→ What you are asked to do:
Repeat exactly the lines beginning at the one that contains "A sleek, modern" and running to the end of the material. Omit the pictures.

→ Information supplied:
---+---
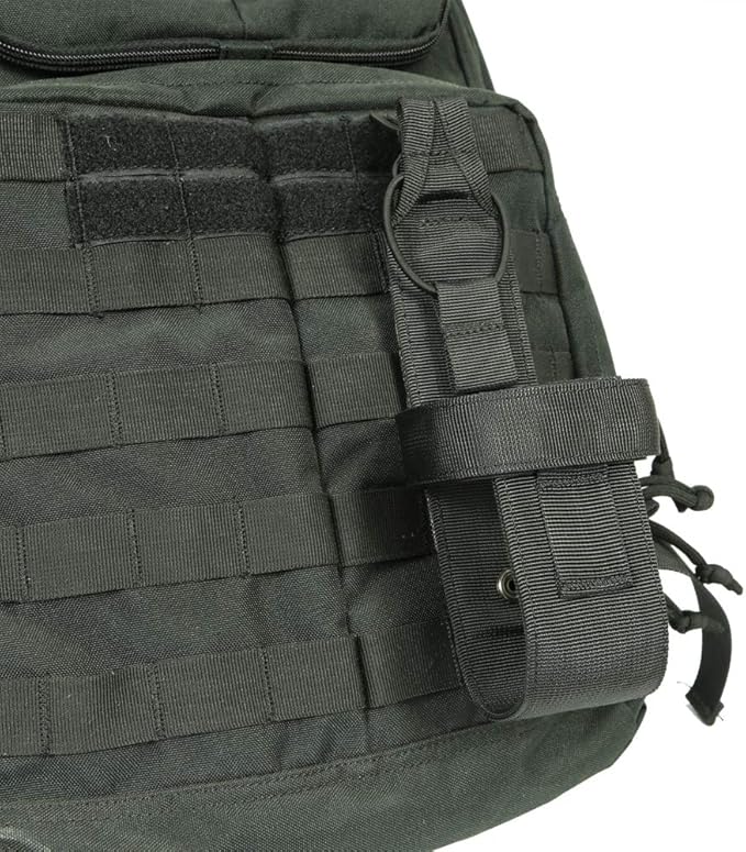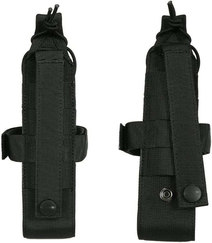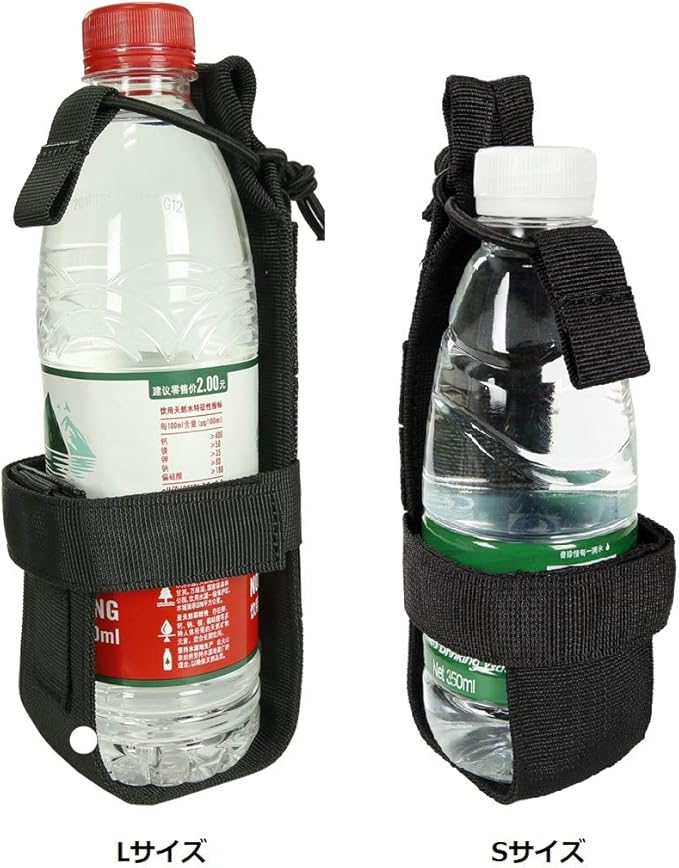 デザイン:背面にモールストラップ付きで、モール対応したバックパック、ベルト、ベストに取り付ける可能で、持ち運びには手軽です。マジックテープ式のベルトがサイズに合わせて調整可能です、いろんな直径のペットボトルや水筒が対応できます。上端のゴムバンドは自由に結束でき、安定感があります。
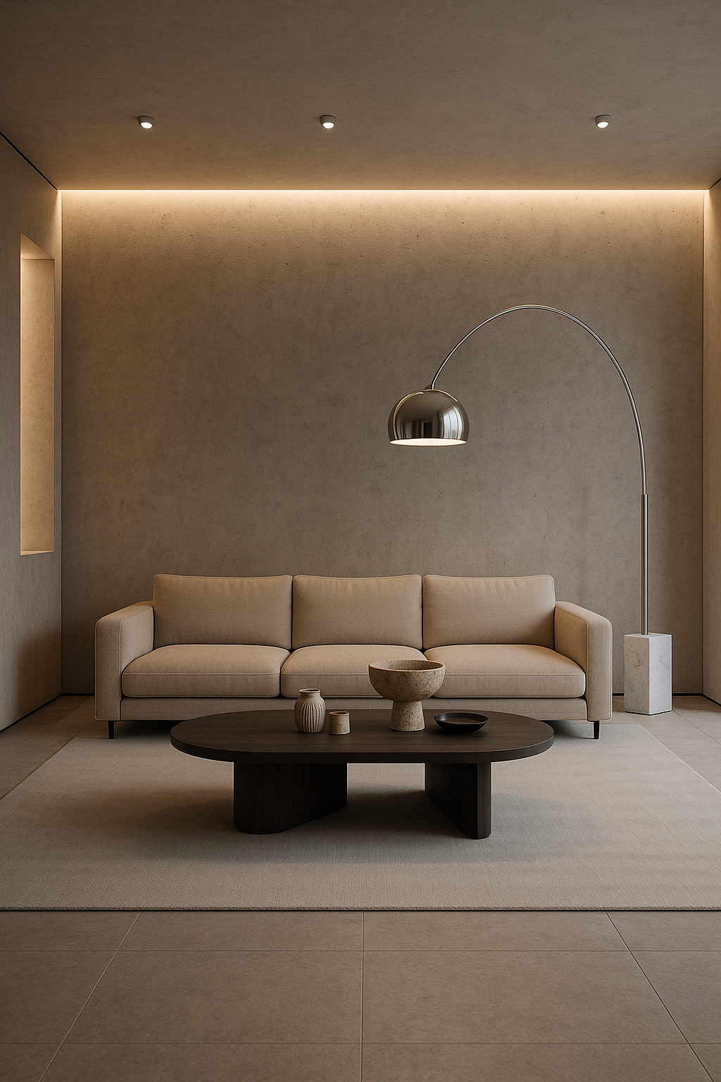 A sleek, modern minimalist living room featuring soft ambient lighting, a neutral color palette, and elegant Italian design elements. The space includes a cozy sofa, stylish coffee table, and textured walls.
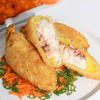 Rollo empanizado y frito. Por dentro Aguacate, queso crema, pepino, trocitos de pollo frito y tocino. Topping salsa bbq, buffalo mango picante.
---+---
→ Solution to this task:
 A sleek, modern minimalist living room featuring soft ambient lighting, a neutral color palette, and elegant Italian design elements. The space includes a cozy sofa, stylish coffee table, and textured walls.
 Rollo empanizado y frito. Por dentro Aguacate, queso crema, pepino, trocitos de pollo frito y tocino. Topping salsa bbq, buffalo mango picante.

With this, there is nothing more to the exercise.